This week is about some D&D odds and ends. The first is a big one: Supplement II: Blackmoor. It’s the third D&D product (after the box set and Gygax’s Greyhawk) and an extremely important one. Though Arneson’s name is on it (and his world of Blackmoor was the original D&D campaign setting), there is some debate over who wrote the bulk of this book, but whoever typed the words, the constituent ideas feel very different from what we’d consider the core of D&D, and thus are likely firmly from Arneson’s Twin Cities group.

There’s a hit location system that is never again revisited.
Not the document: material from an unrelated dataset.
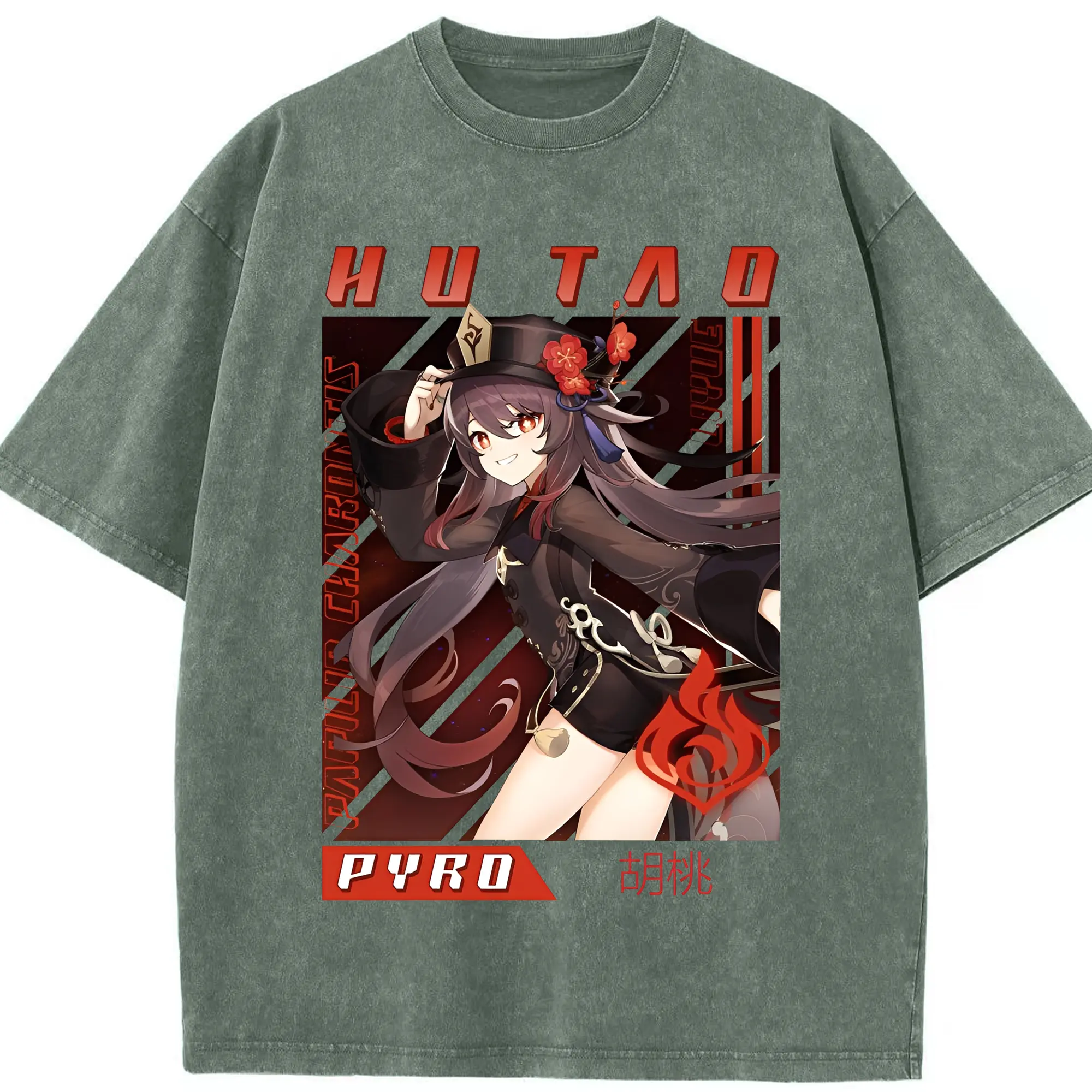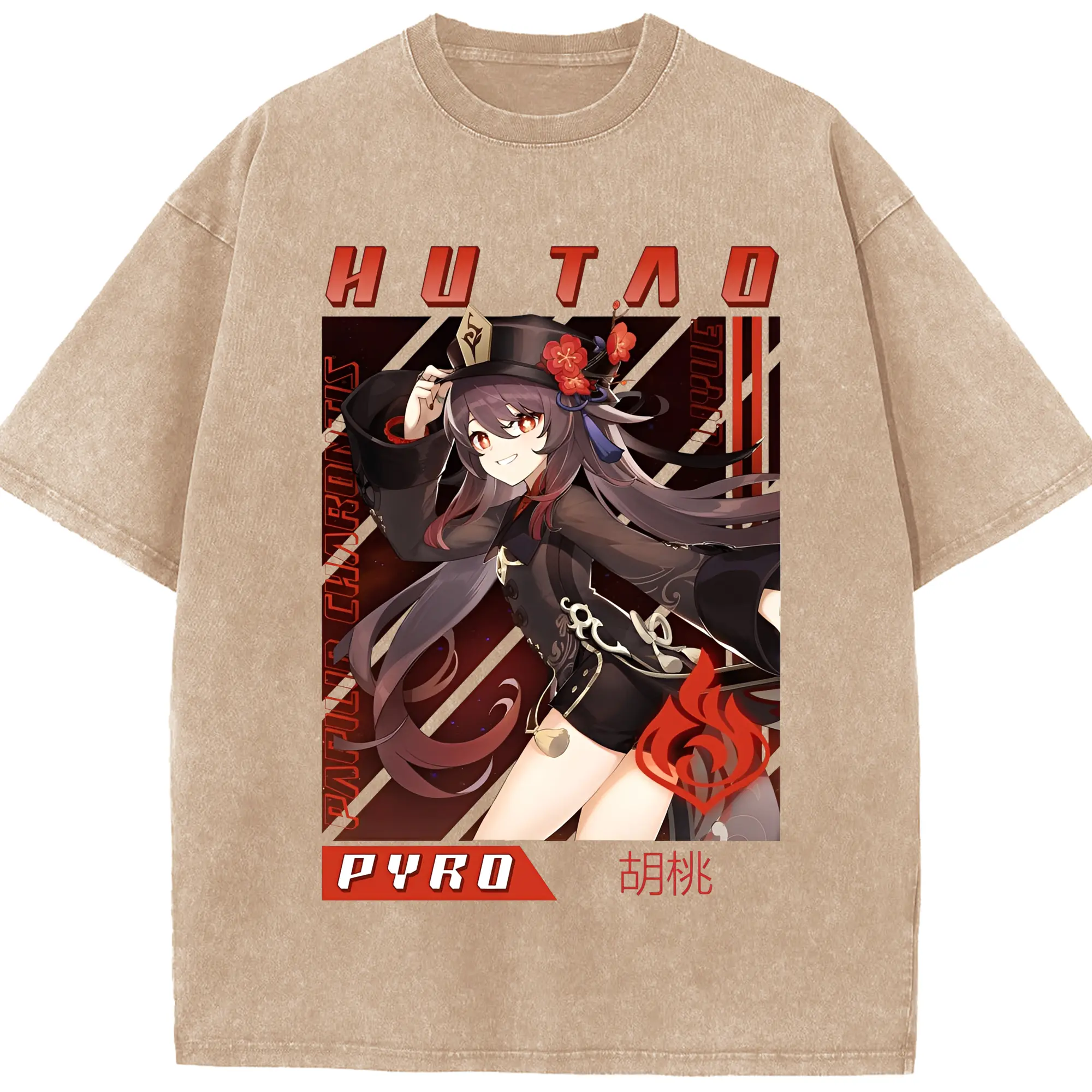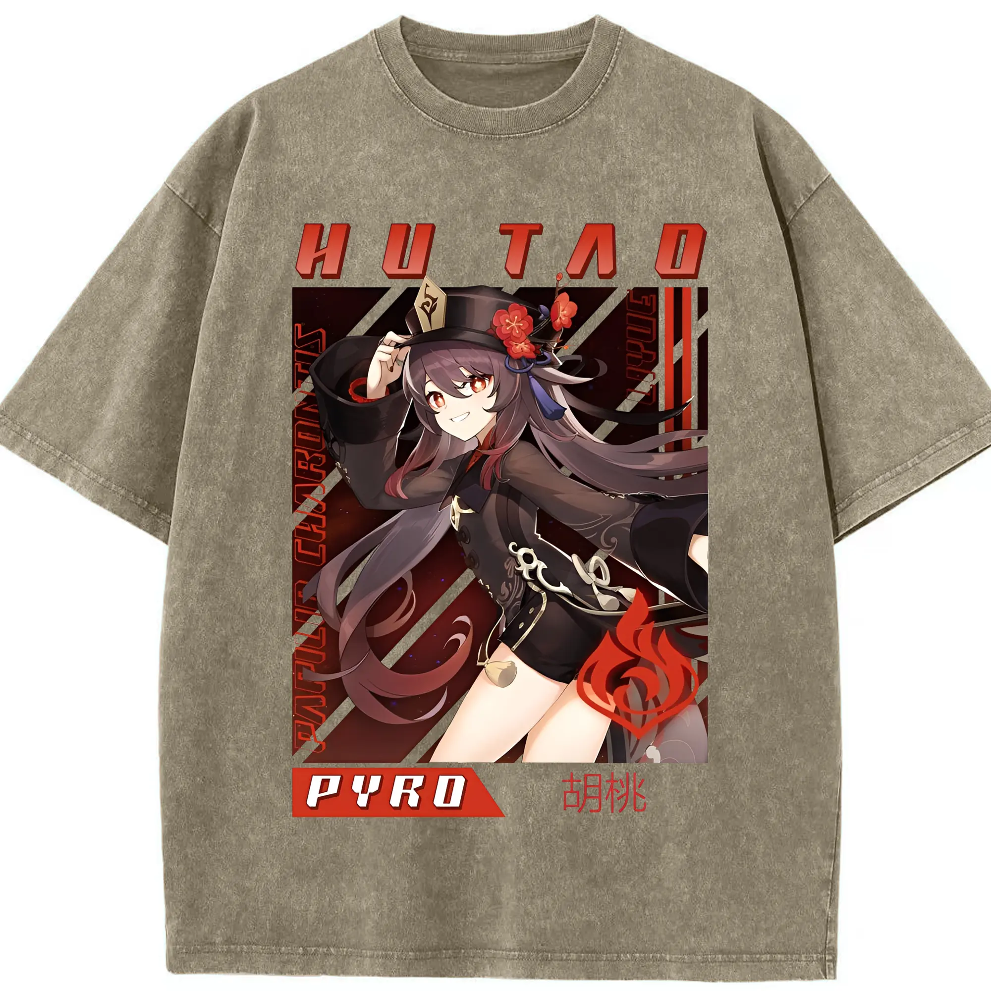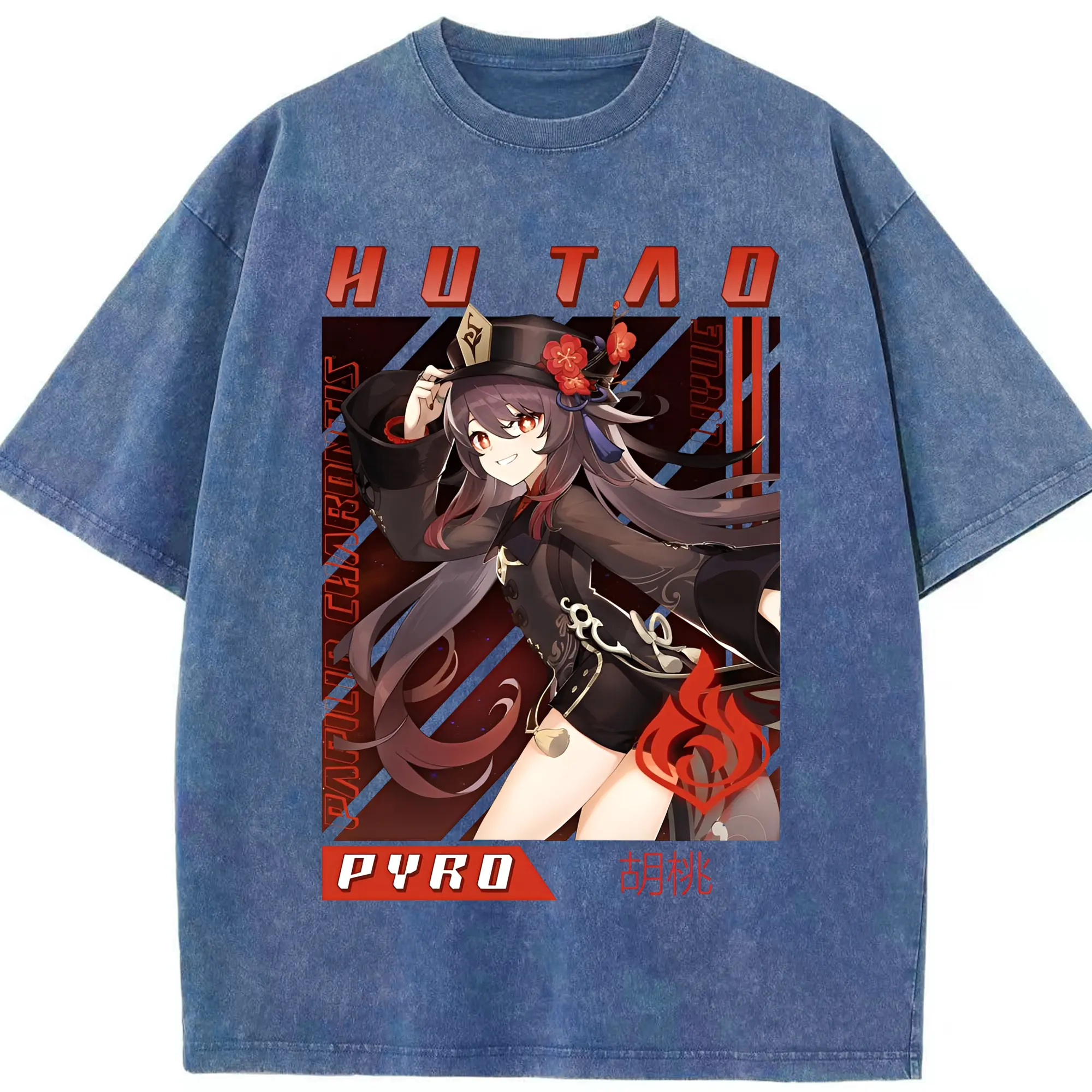 原神 胡桃 グラフィックアート - 綿100% 半袖Tシャツ ・ フロントプリント ・ 快適 通気性 ・ 日常使い 散歩 スポーツ用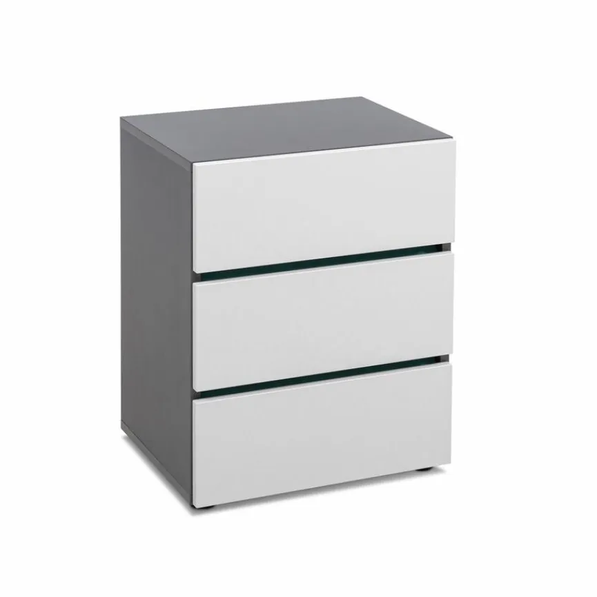 - Korpus aus Holzwerkstoff (Spanpatte) mit kratzfester Melaminharzfolie in Schiefergrau, Front aus Holzwerkstoff (Spanpatte) mit kratzfester Melaminharzfolie in Hellgrau, Absetzung aus Holzwerkstoff (Spanplatte) mit Lack in Türkis

The monk and the assassin are introduced here as are a host of water-based monsters, including the classic sahuagin, morkoth and Ixitxachitl.
The main attraction, though, is the very first D&D adventure, The Temple of the Frog. Detailed over 20 pages, it is the first serious look players got at what a D&D adventure could be. It doesn’t really line up with our modern conception of the game — there is a mass combat component, for instance, and a good dose of science fiction (the proportion of science fantasy here reminds me more of Arduin than Barrier Peaks). In a truly bizarre oversight (again, reminding me of Arduin), there are no attributes provided for the frog people who live at the center of the temple.
Most interesting of all, though, is how clearly you can see the path not taken when reading through this book. There’s a whole parallel universe of RPGs in this book.